Source material:
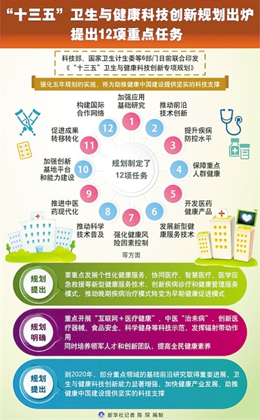 王磊介紹,《規(guī)劃》圍繞健康中國建設(shè)需求,全力推進(jìn)相關(guān)領(lǐng)域科技計(jì)劃(專項(xiàng)、基金等)的實(shí)施,共部署5個(gè)方面的12項(xiàng)重點(diǎn)任務(wù)。
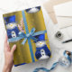 Papel De Presente Blue Snowmen no Dourado Natal
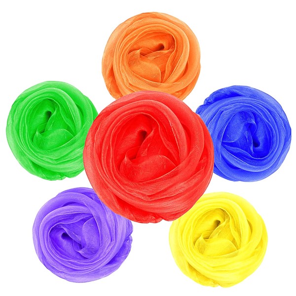 Dance Towels, 6 Pieces Multi-Colour Silk Scarves, Dance Juggling Scarves, Square Juggling Cloths for Dancing, Juggling and Sensory 60 x 60 cm
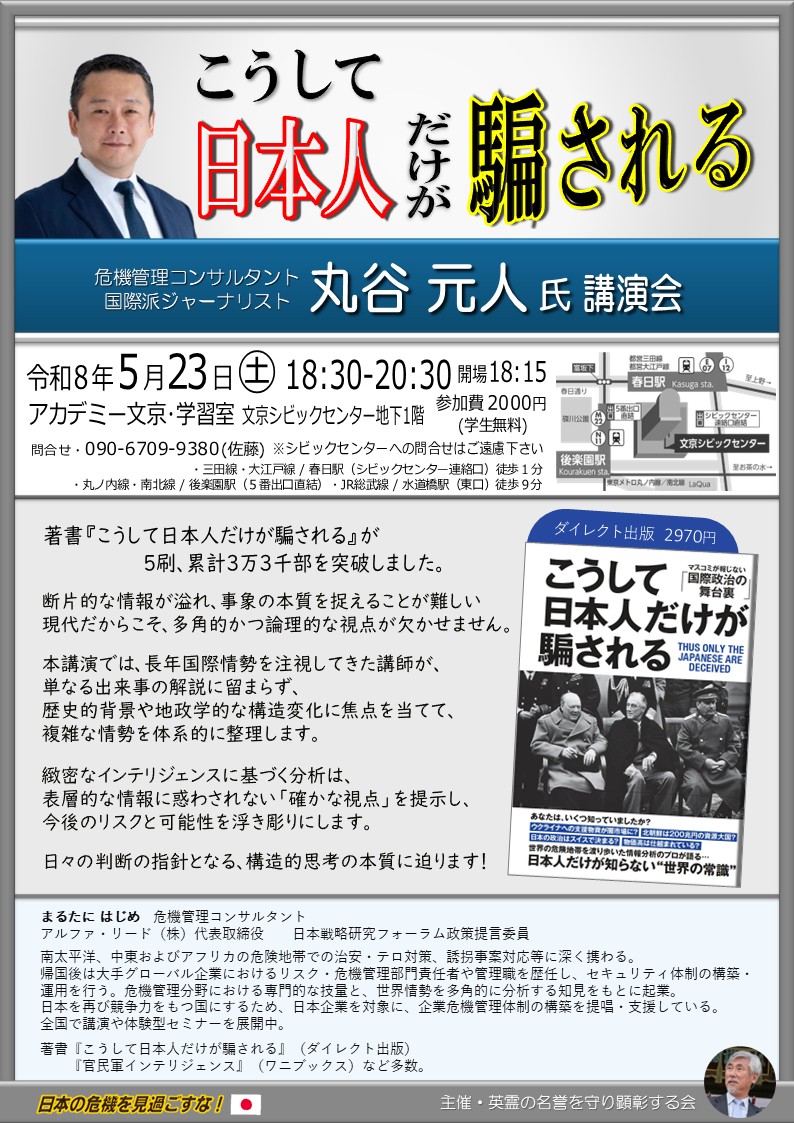 5月23日(土)【英霊の名誉を守り顕彰する会】『こうして日本人だけが騙される』丸谷元人講演会

What to produce: Pictures are not part of the copy; reproduce exactly and only the lines from the line containing "Dance Towels, 6" through the end of the listing.

Exercise answer:
 Dance Towels, 6 Pieces Multi-Colour Silk Scarves, Dance Juggling Scarves, Square Juggling Cloths for Dancing, Juggling and Sensory 60 x 60 cm
 5月23日(土)【英霊の名誉を守り顕彰する会】『こうして日本人だけが騙される』丸谷元人講演会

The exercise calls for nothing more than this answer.